Holy Thursday

Holy Thursday inaugurates the Triduum, the three days of ceaseless prayer in which the Church commemorates the Lord’s passion, death and resurrection. But, in a sense, the Holy Thursday liturgy frames the Triduum. Holy Thursday sets the stage for the passion, but it also points beyond Easter, and in both instances it does so by focusing on the Incarnation of Jesus Christ.

The Holy Thursday Mass recalls the Lord’s Jewishness. This is a Passover seder that he was celebrating with his disciples, recalling the deliverance of Israel from slavery in Egypt. Now, Jesus brings deliverance from the slavery of sin, and not just to Israel but to the whole world, and he does so by starting in the most human way possible, a celebratory dinner with friends. He calls attention to his humanity so that the full salvific effects of what is to come will be made clear: The Christ is here to save human kind and he can do so because he is himself human.

The Holy Thursday Mass, however, also points beyond the Triduum with its institution of the Eucharist. If Christ came to earth to reveal the Father’s love, in the Eucharist he promises that while he must ascend to the right hand of the Father in heaven, he will never abandon his Church, he will always be present in the world, and he achieves this through the Sacrament of the Eucharist. When Christians gather to break the bread and share the cup, He is there. When the sacred hosts are reserved in the tabernacle, He is there. He is always there, for and with the Church.

Of course, the Holy Thursday readings and the remembrance of the Last Supper set up the Triduum in a more concrete, and dreadful, way as well: Here we encounter human iniquity at its worst, as Judas’ betrayal and Peter’s denial are foretold. Is there any human emotion that is more gut-wrenching than betrayal? And to compound the betrayal with the lie “Surely, Lord, it is not I?” that is simply too much. How Jesus’ heart must have ached at that moment! And, then, to have the fore-knowledge that his best friend, Peter, would deny their love! The clouds were closing in on Jesus.

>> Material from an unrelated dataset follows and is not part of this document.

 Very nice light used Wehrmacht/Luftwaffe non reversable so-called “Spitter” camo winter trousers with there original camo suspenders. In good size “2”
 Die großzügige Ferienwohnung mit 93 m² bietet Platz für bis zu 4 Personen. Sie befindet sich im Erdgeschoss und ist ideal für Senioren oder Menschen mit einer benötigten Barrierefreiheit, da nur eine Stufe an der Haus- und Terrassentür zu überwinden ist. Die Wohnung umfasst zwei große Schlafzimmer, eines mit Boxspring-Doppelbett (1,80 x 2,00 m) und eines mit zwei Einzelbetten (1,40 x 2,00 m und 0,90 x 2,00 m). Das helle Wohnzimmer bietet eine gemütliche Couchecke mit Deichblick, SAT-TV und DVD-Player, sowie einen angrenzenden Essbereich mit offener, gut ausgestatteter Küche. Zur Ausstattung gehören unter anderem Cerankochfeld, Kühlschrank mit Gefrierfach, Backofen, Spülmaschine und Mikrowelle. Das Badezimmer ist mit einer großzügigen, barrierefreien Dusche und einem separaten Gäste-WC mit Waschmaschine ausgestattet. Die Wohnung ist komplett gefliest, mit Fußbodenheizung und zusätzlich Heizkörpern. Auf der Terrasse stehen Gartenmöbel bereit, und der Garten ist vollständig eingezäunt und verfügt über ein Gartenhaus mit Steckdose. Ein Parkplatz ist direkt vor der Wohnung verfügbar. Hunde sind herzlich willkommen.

The Mandatum rite, which is the source of the phrase “Maundy Thursday,” illustrates that the Lord not only leaves himself, he leaves an example for us, an example of service. I remember the first time I saw the Mandatum rite performed: I wept. (I also recall once seeing a bishop, who shall remain nameless, perform the rite and after washing each of the twelve feet and drying them off, he would lift his hand so that the person whose feet he had just washed could kiss his ring. I wept then too, but for a different reason.) At a time when our culture seems especially cruel, when it celebrates the gratuitous violence of these gladiatorial battles on television, when the poor and the aged and the infirm are told their needs are a burden on the rest of us, when wealth is celebrated as a sign of moral dignity and human accomplishment, when men and women are divided into “winners” and “losers,” it is good to recall that the Lord of the Universe set aside his cloak, washed the feet of his disciples and bid us to do likewise.

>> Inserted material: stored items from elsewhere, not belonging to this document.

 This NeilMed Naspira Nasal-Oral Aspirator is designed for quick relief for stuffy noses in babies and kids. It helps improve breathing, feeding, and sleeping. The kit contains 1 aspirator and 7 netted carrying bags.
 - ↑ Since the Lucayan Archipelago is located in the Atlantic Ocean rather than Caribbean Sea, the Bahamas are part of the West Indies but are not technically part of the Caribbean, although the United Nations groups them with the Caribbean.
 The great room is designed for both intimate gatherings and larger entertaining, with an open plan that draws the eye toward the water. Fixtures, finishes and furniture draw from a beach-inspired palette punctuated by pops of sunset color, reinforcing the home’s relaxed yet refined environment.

The Gloria returns tonight, for the first time since the start of Lent. Again, we look to the Incarnation and cannot help but give praise. Gone are the purple vestments and the flowerless altar, replaced with white vestments and lots of spring flowers. But, the fragility of our faith life is brought home to us. Just as we are getting used to the celebration again, something happens. The sanctuary candle in front of the tabernacle is extinguished, the doors of the tabernacle are left open and the tabernacle itself is left empty. In the book Brideshead Revisited, Cordelia tells Charles about the priest coming to close the chapel at Brideshead Castle: “[T]he priest came in…and took out the altar stone and put it in his bag; then he burned the wads of wool with the holy oil on them and threw the ash outside; he emptied the holy water stoup and blew out the lamp in the sanctuary and left the tabernacle open and empty, as though from now on it was always to be Good Friday. I suppose none of this makes any sense to you, Charles, poor agnostic. I stayed there till he was gone, and then, suddenly, there wasn’t any chapel there any more, just an oddly decorated room.”

Here is the import of the Incarnation for us Christians. Without Christ, more than the architecture of our chapels become “oddly decorated” rooms. Without Christ, the moral architecture, the theological architecture, the anthropological architecture of our Church, all become oddly decorated rooms. Tonight, at the end of the Mass, look at extinguishing of the sanctuary lamp and at the empty tabernacle and imagine life without Christ. That is how tonight prepares us for the dread of Good Friday.